## WHAT TO WORK ON
Find the line with "アムル(1オ・Mダックス)↑" in the entries below, then output every line from it down to the line with "Thomas Demand (born", exactly and with no pictures.

## THE RECORDS
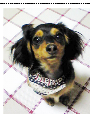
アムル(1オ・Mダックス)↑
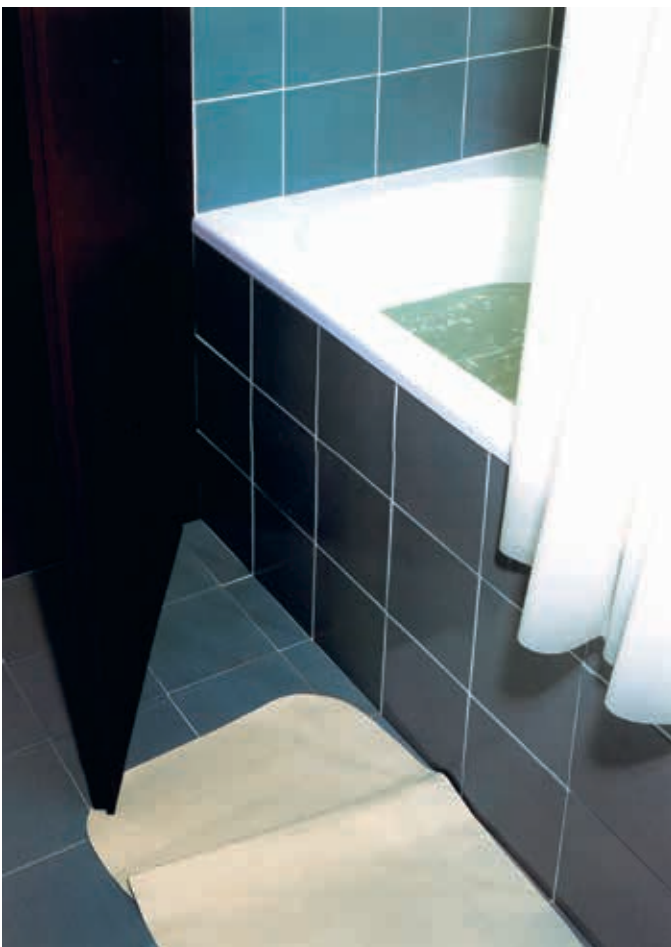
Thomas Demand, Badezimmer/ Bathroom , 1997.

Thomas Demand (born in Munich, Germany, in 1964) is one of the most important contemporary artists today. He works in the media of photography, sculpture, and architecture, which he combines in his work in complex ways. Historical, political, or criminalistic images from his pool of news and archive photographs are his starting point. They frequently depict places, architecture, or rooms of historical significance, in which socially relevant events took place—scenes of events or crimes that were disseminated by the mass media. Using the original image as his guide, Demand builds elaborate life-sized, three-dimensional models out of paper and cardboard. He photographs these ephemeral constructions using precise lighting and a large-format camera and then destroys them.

* * *

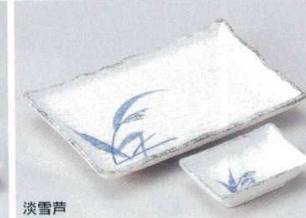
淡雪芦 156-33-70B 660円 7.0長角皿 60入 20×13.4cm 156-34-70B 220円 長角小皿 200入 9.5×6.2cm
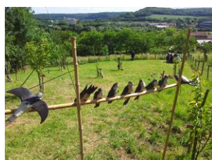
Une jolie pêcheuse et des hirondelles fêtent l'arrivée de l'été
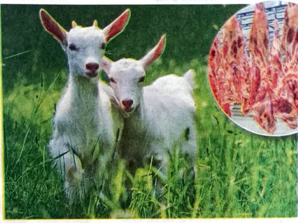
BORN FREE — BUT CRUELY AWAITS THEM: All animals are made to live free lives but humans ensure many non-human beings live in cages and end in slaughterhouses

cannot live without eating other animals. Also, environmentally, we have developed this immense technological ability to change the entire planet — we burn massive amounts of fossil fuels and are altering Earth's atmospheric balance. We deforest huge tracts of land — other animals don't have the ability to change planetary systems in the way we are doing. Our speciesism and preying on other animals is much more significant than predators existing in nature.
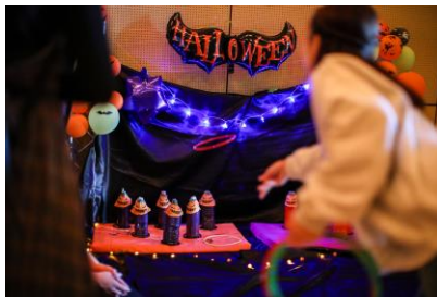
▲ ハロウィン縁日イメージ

--

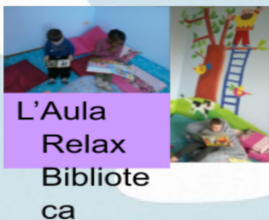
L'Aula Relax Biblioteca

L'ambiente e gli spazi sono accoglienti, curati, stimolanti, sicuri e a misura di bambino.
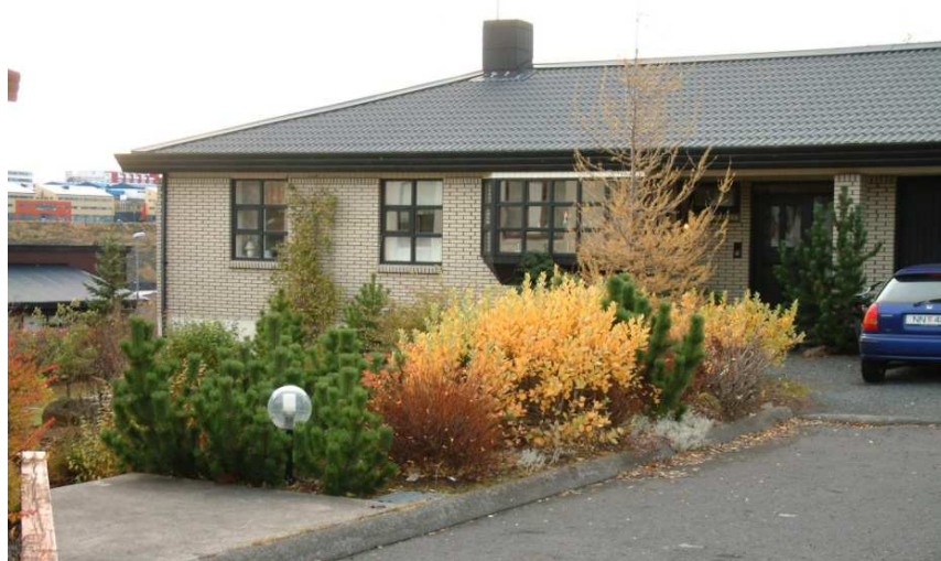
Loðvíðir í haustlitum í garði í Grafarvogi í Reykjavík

## REPLY
アムル(1オ・Mダックス)↑
Thomas Demand, Badezimmer/ Bathroom , 1997.

Thomas Demand (born in Munich, Germany, in 1964) is one of the most important contemporary artists today. He works in the media of photography, sculpture, and architecture, which he combines in his work in complex ways. Historical, political, or criminalistic images from his pool of news and archive photographs are his starting point. They frequently depict places, architecture, or rooms of historical significance, in which socially relevant events took place—scenes of events or crimes that were disseminated by the mass media. Using the original image as his guide, Demand builds elaborate life-sized, three-dimensional models out of paper and cardboard. He photographs these ephemeral constructions using precise lighting and a large-format camera and then destroys them.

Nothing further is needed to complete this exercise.